Vision-and-Language Navigation (VLN) requires an embodied agent to ground complex natural-language
instructions into long-horizon navigation in unseen environments. While Vision-Language Models (VLMs)
offer strong 2D semantic understanding, current VLN systems remain constrained by limited spatial
perception, 2D–3D representation mismatch, and monocular scale ambiguity. In this paper, we propose
AgentVLN, a novel and efficient embodied navigation framework that can be deployed on edge computing
platforms. We formulate VLN as a Partially Observable Semi-Markov Decision Process (POSMDP) and introduce
a VLM-as-Brain paradigm that decouples high-level semantic reasoning from perception and planning via a
plug-and-play skill library. To resolve multi-level representation inconsistency, we design a cross-space
representation mapping that projects perception-layer 3D topological waypoints into the image plane,
yielding pixel-aligned visual prompts for the VLM. Building on this bridge, we integrate a context-aware
self-correction and active exploration strategy to recover from occlusions and suppress error accumulation
over long trajectories.
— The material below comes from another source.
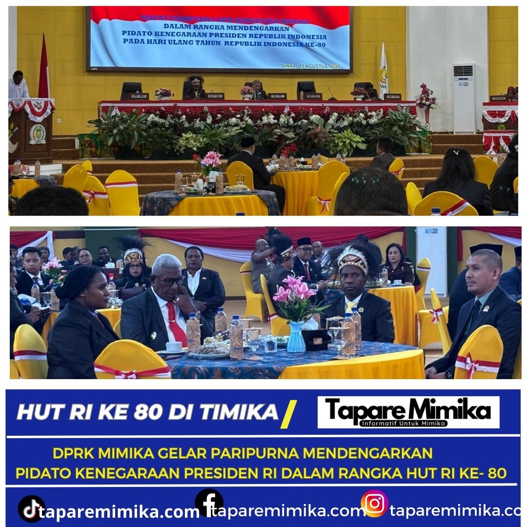 Rapat Paripurna yang digelar di Gedung Paripurna Kantor DPRK Mimika, dengan agenda mendengarkan Pidatio Kenegaraan Presiden Republik Indonesia (RI) dalam rangka Hari Ulang Tahun (HUT) Kemerdekaan Negara Republik (RI) yang ke- 80  tahun berlangsung di ruang rapat paripurna DPRK  Mimika – Papua Tengah, Jalan Cendrawasih SP 2, Timika – Mimika – Papua Tengah, Jumat (15/8/2025).

To further address the spatial ambiguity of instructions in unstructured
environments, we propose a Query-Driven Perceptual Chain-of-Thought (QD-PCoT) scheme, enabling the agent
with the metacognitive ability to actively seek geometric depth information. Finally, we construct
AgentVLN-Instruct, a large-scale instruction-tuning dataset with dynamic stage routing conditioned on
target visibility. Extensive experiments show that AgentVLN consistently outperforms prior
state-of-the-art methods (SOTA) on long-horizon VLN benchmarks, offering a practical paradigm for
lightweight deployment of next-generation embodied navigation models.